[Working data]

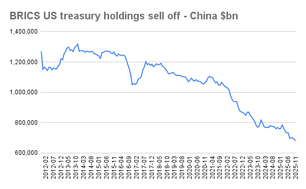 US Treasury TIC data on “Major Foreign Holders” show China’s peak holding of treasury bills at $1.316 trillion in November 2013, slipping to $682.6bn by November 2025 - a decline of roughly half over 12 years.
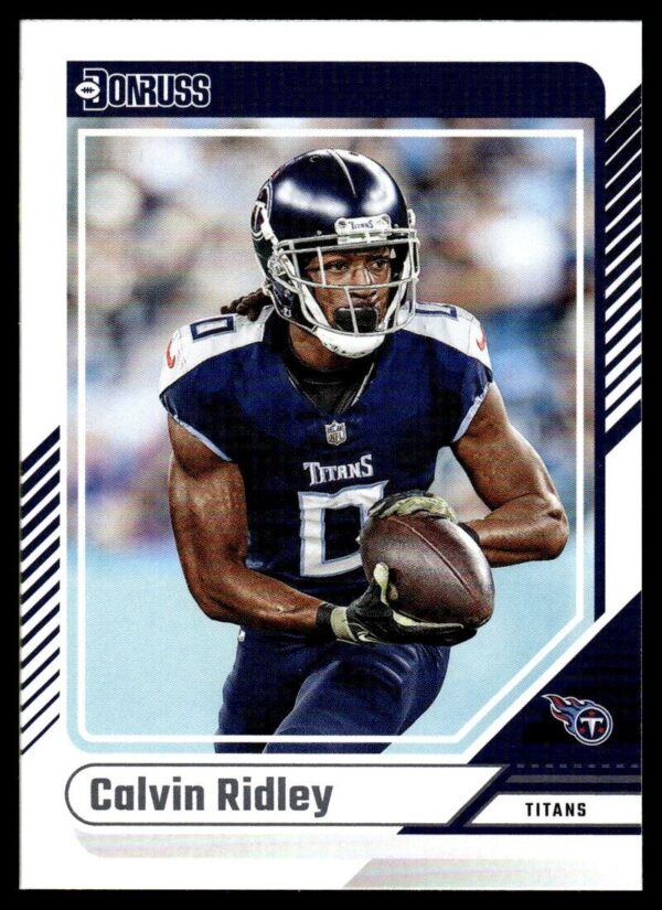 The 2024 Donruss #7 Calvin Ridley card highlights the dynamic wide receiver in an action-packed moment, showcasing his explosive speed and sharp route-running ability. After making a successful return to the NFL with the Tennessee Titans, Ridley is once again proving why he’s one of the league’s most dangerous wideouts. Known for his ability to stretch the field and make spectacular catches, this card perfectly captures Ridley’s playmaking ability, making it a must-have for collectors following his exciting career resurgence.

* * *

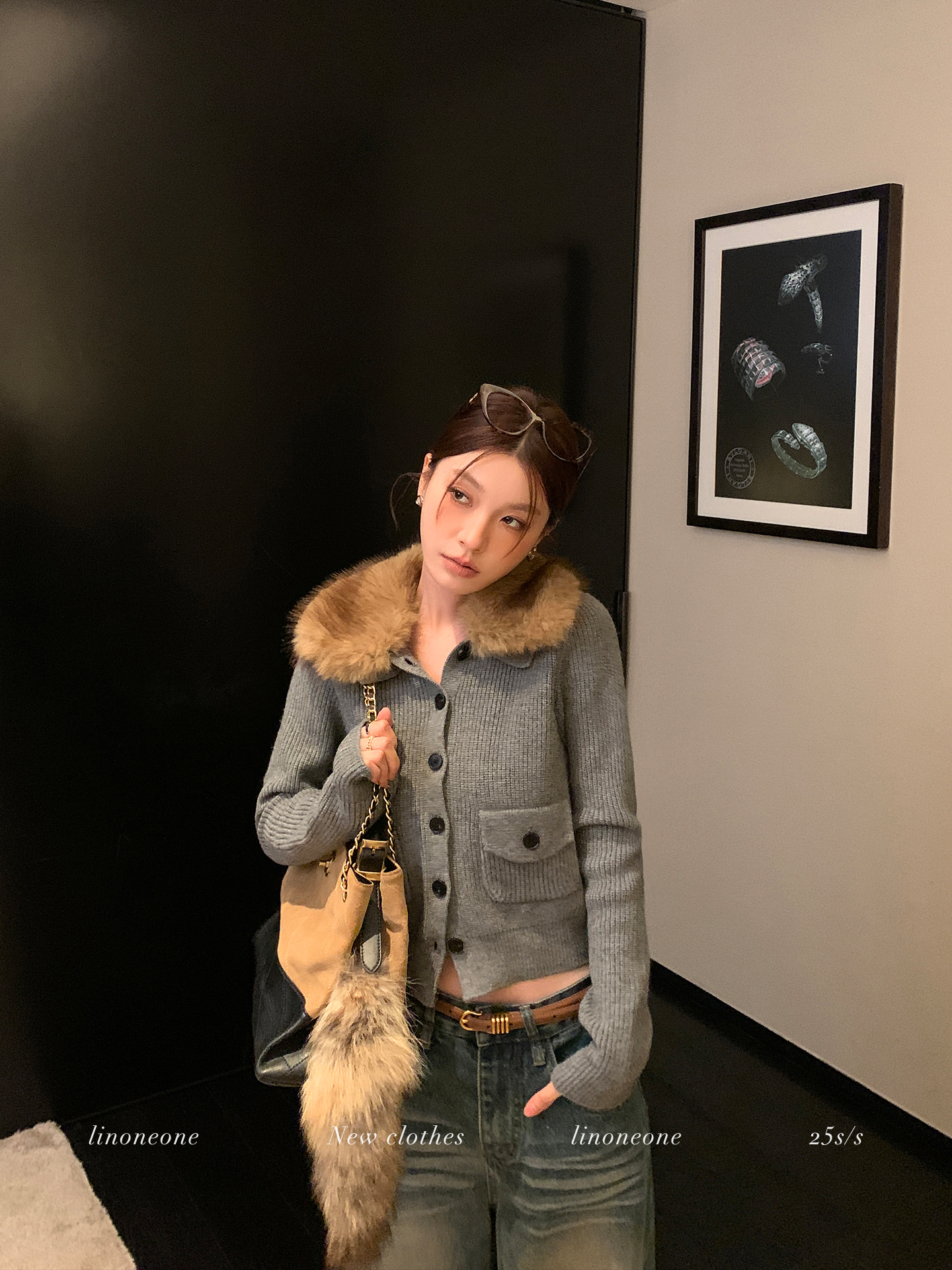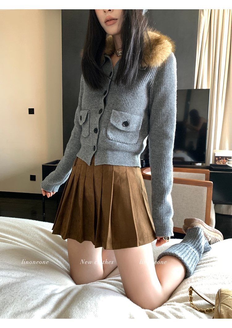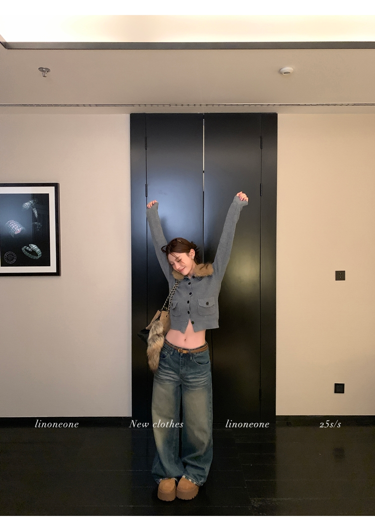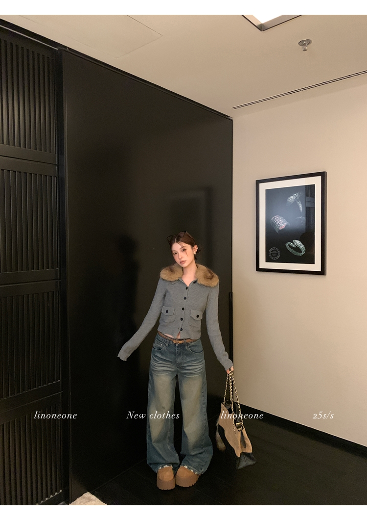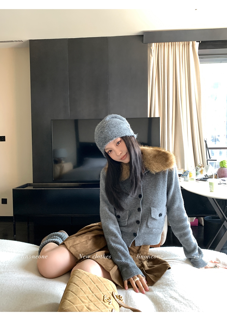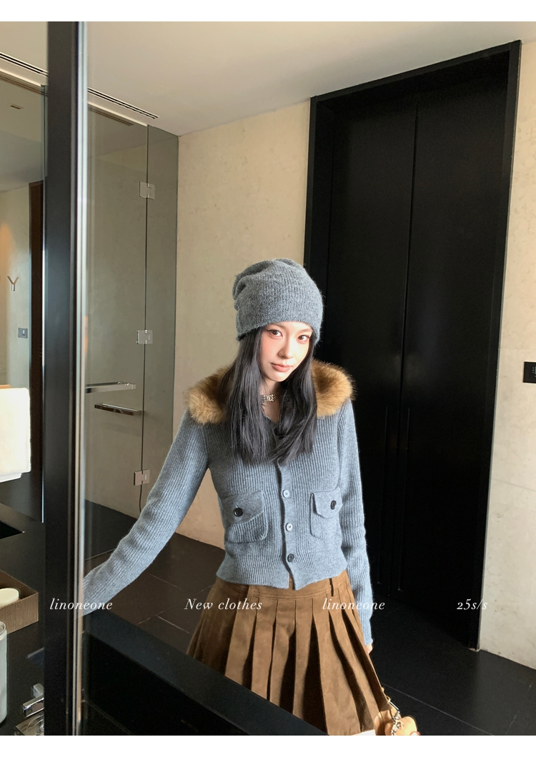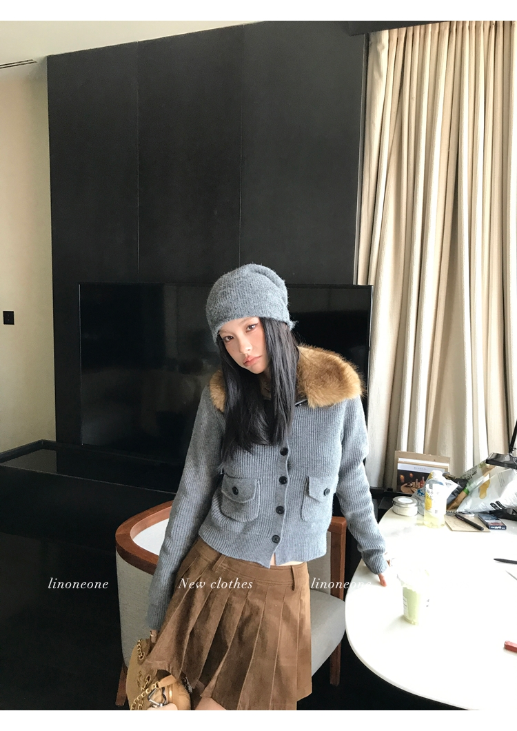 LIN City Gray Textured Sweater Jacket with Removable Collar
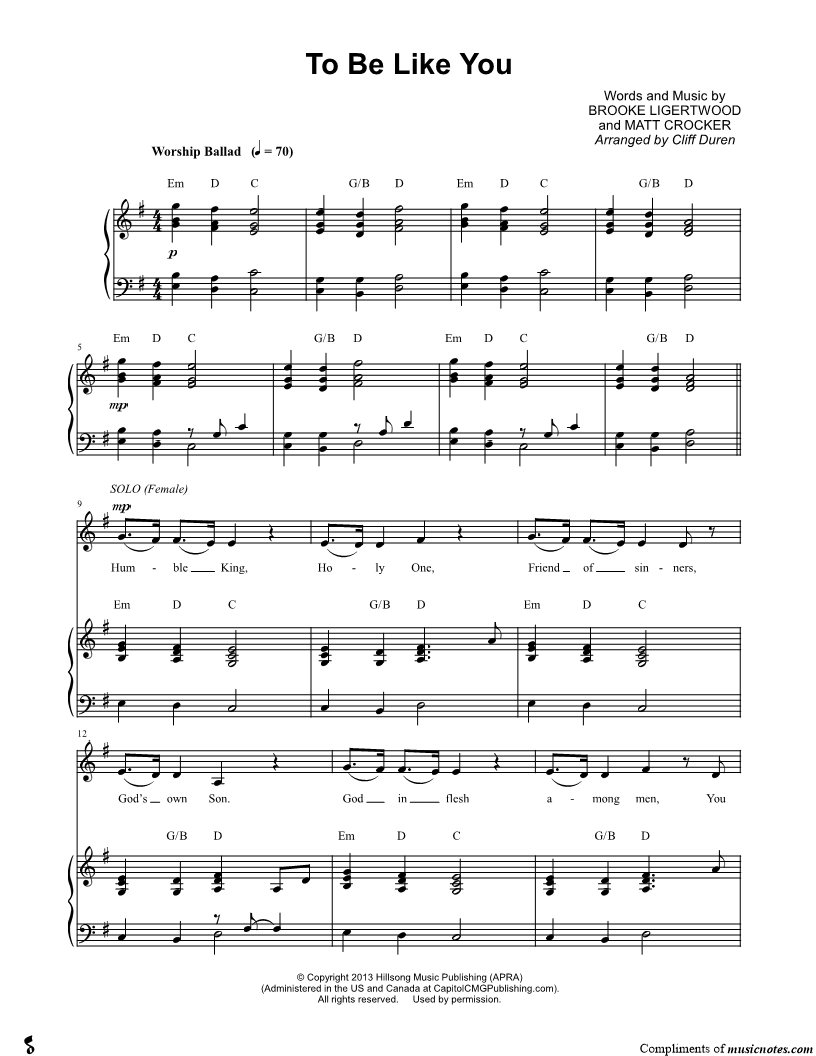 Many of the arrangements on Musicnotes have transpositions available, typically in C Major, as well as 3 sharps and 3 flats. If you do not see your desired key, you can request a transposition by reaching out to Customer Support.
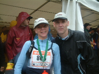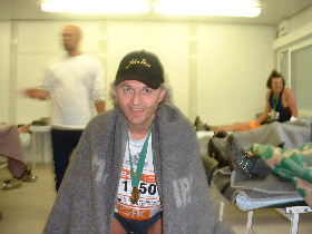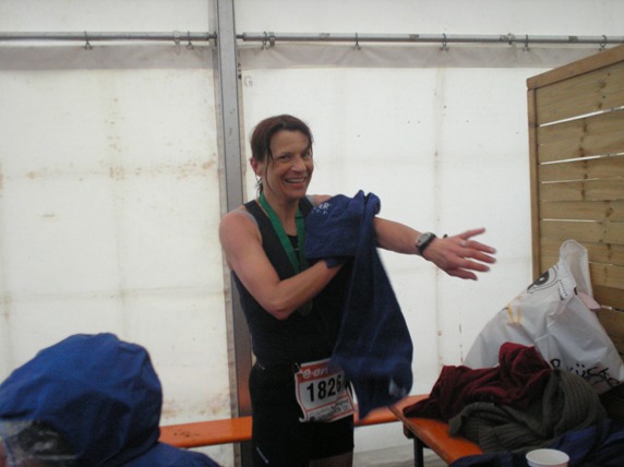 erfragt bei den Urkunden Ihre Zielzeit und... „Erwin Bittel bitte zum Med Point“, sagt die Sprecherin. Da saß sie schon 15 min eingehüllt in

---

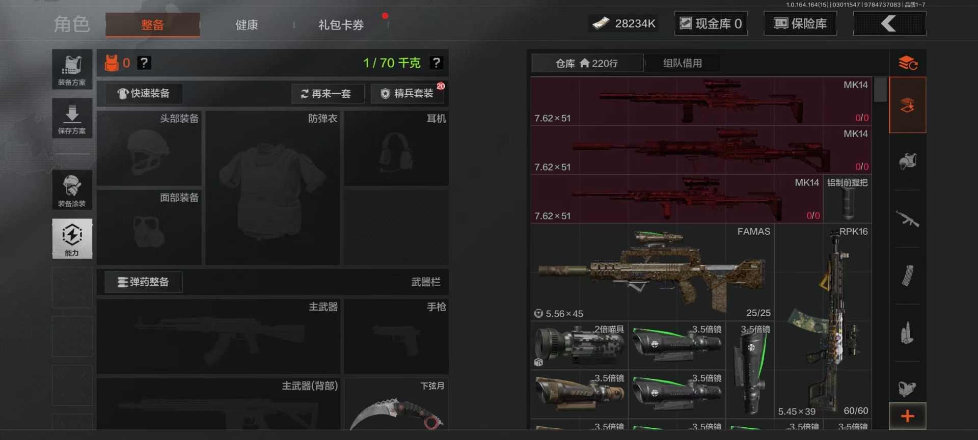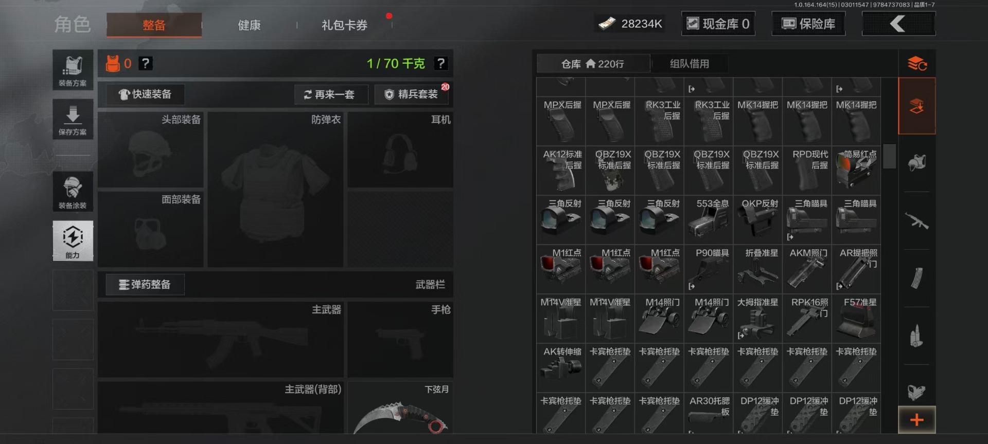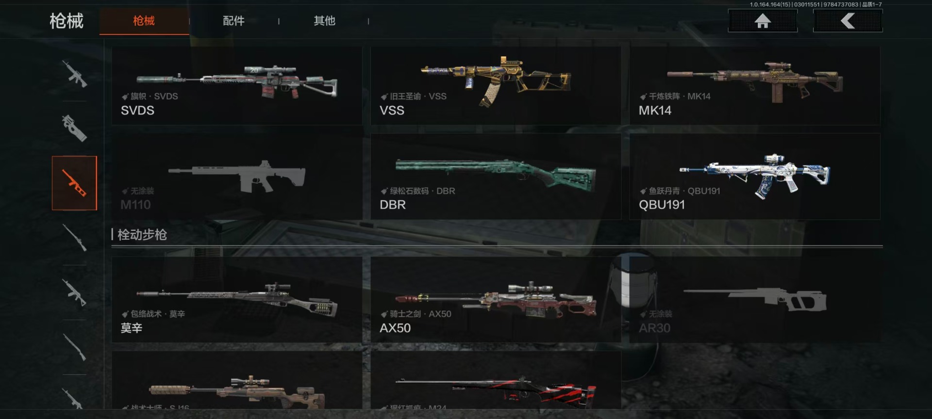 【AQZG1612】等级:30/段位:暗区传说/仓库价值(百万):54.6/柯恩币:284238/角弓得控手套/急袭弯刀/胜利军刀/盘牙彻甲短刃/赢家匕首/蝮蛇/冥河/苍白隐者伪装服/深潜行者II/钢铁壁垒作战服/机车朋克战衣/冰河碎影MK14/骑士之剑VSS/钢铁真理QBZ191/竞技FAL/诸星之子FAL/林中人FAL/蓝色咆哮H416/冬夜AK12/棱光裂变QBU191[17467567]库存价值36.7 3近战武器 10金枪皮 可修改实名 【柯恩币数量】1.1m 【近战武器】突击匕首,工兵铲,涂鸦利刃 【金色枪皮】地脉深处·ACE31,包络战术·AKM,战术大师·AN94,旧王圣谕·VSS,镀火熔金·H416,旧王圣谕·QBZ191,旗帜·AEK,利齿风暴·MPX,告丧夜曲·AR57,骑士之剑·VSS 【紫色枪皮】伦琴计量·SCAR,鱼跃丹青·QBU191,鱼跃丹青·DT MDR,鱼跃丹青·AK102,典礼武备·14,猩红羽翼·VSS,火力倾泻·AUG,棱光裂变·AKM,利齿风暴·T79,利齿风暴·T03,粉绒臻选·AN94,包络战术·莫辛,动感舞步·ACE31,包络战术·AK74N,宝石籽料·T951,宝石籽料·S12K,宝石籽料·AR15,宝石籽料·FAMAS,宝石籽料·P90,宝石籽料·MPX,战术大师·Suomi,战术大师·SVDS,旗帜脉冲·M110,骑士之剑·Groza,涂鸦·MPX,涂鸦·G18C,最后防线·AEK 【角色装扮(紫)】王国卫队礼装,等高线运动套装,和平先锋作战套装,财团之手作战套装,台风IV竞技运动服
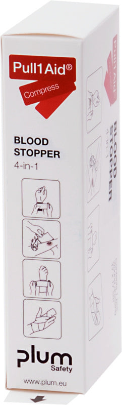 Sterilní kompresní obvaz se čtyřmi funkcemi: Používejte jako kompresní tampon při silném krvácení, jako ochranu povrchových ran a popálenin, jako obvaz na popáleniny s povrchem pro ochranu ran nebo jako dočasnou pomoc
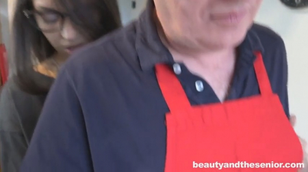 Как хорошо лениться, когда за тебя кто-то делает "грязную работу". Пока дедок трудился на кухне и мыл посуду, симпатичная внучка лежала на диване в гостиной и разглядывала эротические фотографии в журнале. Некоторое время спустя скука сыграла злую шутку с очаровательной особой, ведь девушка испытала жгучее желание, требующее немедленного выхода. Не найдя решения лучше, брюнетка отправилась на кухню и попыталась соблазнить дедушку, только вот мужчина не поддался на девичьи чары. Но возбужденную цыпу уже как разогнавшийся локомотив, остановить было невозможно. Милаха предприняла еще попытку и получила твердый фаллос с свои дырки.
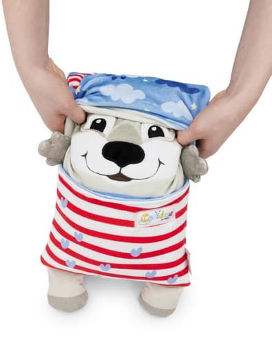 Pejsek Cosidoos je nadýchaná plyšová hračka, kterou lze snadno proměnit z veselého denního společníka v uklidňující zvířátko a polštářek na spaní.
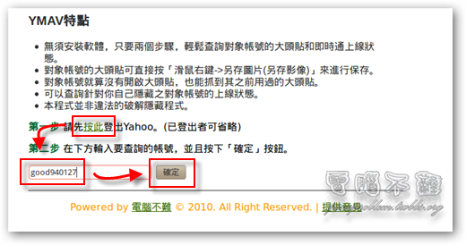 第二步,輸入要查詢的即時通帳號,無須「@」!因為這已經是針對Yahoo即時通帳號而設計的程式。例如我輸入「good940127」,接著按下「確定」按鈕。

[Exercise objective]
Pictures in the entries do not go into the copy. Print only the lines starting at the one containing "US Treasury TIC" and ending at the one containing "The 2024 Donruss", exactly as they appear.

[Solution to this problem]
 US Treasury TIC data on “Major Foreign Holders” show China’s peak holding of treasury bills at $1.316 trillion in November 2013, slipping to $682.6bn by November 2025 - a decline of roughly half over 12 years.
 The 2024 Donruss #7 Calvin Ridley card highlights the dynamic wide receiver in an action-packed moment, showcasing his explosive speed and sharp route-running ability. After making a successful return to the NFL with the Tennessee Titans, Ridley is once again proving why he’s one of the league’s most dangerous wideouts. Known for his ability to stretch the field and make spectacular catches, this card perfectly captures Ridley’s playmaking ability, making it a must-have for collectors following his exciting career resurgence.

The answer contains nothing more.